UCB, which is facing up to patent expiries on its anti-epileptic Keppra, says that its new products Cimzia, Vimpat and Neupro are making good progress.

The Belgian firm has issued an interim report for the first nine months of 2009, noting that revenues have declined as expected as a consequence of generic competition to Keppra (levetiracetam) in the USA. UCB gave no specific figures regarding its financial performance but said that Keppra continued to show double-digit percentage sales growth in Europe.

The company enjoyed similar growth for the antihistamine Zyrtec (cetirizine) in Japan and the drug’s follow-up Xyzal (levocetirizine) in the USA. Sales of the anti-tussive Tussionex (hydrocodonex and chlorpheniramine) declined due to the mild cough and cold season in the USA earlier in the year, while turnover of the attention-deficit hyperactivity disorder treatment Metadate CD (methylphenidate) increased.

Chief executive Roch Doliveux noted that “while it is still early in the launch roll-out”, the three aforementioned new products have started well. Prescription data for Cimzia (certolizumab pegol) in the treatment of Crohn's disease and rheumatoid arthritis in the USA are promising, UCB said, with a 20.2% and a 2.9% share respectively of new prescriptions in the subcutaneous anti- tumour necrosis factor market.

The company added that progress with reimbursement in the USA is also being made, with around 95% of insured people able to have Cimzia reimbursed for CD, and around 60% for RA. The drug was recently approved in Europe for the latter indication and patients were treated with Cimzia “the following day in Germany”. Other European countries are expected to launch in the coming months.

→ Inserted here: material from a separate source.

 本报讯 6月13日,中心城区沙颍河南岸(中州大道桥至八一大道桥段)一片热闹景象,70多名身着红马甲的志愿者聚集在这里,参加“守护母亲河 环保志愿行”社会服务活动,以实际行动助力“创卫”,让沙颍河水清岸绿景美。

UCB also said that Vimpat (lacosamide), available in Europe since late 2008 and launched in the US in June this year as an add-on therapy for the treatment of partial-onset seizures, continues to gain market share. At the end of July, more than 15,000 patients were being treated with Vimpat in Europe and, at the end of September, more than 10,000 patients were using the drug across the Atlantic. The company added that “the prescription take-off by Vimpat in the USA exceeds that of Keppra and of Keppra XR making it the most successful launch in the US epilepsy market”.

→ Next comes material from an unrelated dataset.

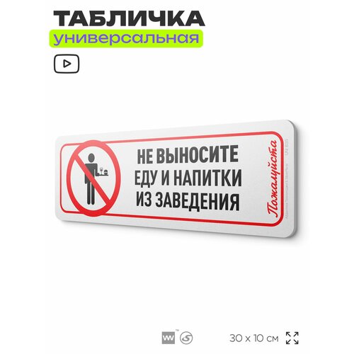 Табличка "Не выносите еду и напитки из заведения", на дверь и стену, информационная, пластиковая с двусторонним скотчем, 30х10 см, Айдентика Технолоджи

UCB added that European neurologists have welcomed the return of Neupro (rotigotine) to the market after the firm overcame storage and distribution problems. The treatment, approved for Parkinson's disease and restless legs syndrome, is being used by more than 33,000 patients and UCB expects to be able to make Neupro available for US patients again during 2010.

UCB confirmed that it has now completed its SHAPE reorganisation programme, which led to the reduction of some 2,000 jobs. The company added that it will look for additional efficiencies and “optimise its non-core assets”.